What to produce - Please repeat the records below exactly, skipping any pictures.

(Data for this exercise begins)

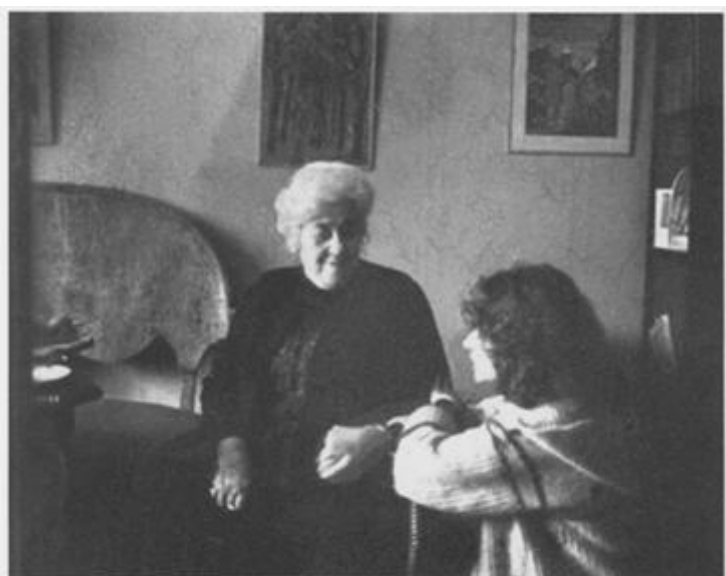
Фаина Раневская у себя дома
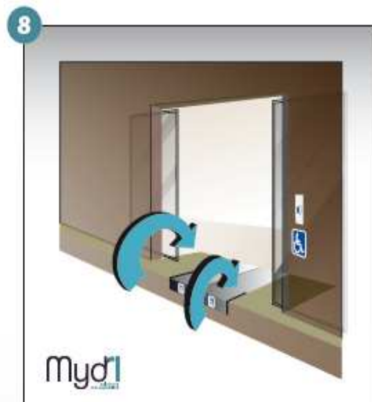
8 - Répéter les manoeuvres précédentes en sens inverse pour fermer la rampe.
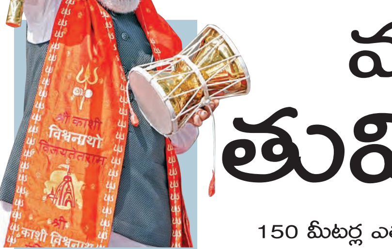
బుధవారం కాశీలో ప్రధాని మోడీ

బెంగాల్ లో ఎన్డీయే! డి. డి. లా పడిన చిద్రే! >>2
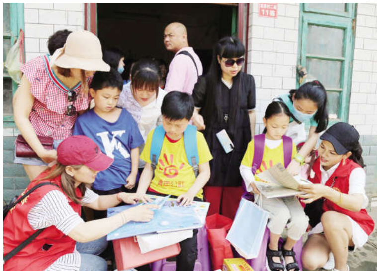
5月24日志愿者为孤儿进行志愿服务

5月24日,青年公社分会10多名志愿者到冷水江市铎山镇龙潭村看望四户7名孤儿,为每一名孤儿送去了一份生活物资和学习用品。这7名孤儿分别
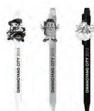
[그림 13] 캐릭터 개발상품 D (볼펜)
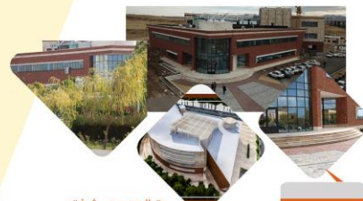
متراژ و درصد پیشرفت: ۵۵۰۰ متر مربع ۹۷ درصد

(Data for this exercise ends)

Written reply -
Фаина Раневская у себя дома
8 - Répéter les manoeuvres précédentes en sens inverse pour fermer la rampe.
బుధవారం కాశీలో ప్రధాని మోడీ

బెంగాల్ లో ఎన్డీయే! డి. డి. లా పడిన చిద్రే! >>2
5月24日志愿者为孤儿进行志愿服务

5月24日,青年公社分会10多名志愿者到冷水江市铎山镇龙潭村看望四户7名孤儿,为每一名孤儿送去了一份生活物资和学习用品。这7名孤儿分别
[그림 13] 캐릭터 개발상품 D (볼펜)
متراژ و درصد پیشرفت: ۵۵۰۰ متر مربع ۹۷ درصد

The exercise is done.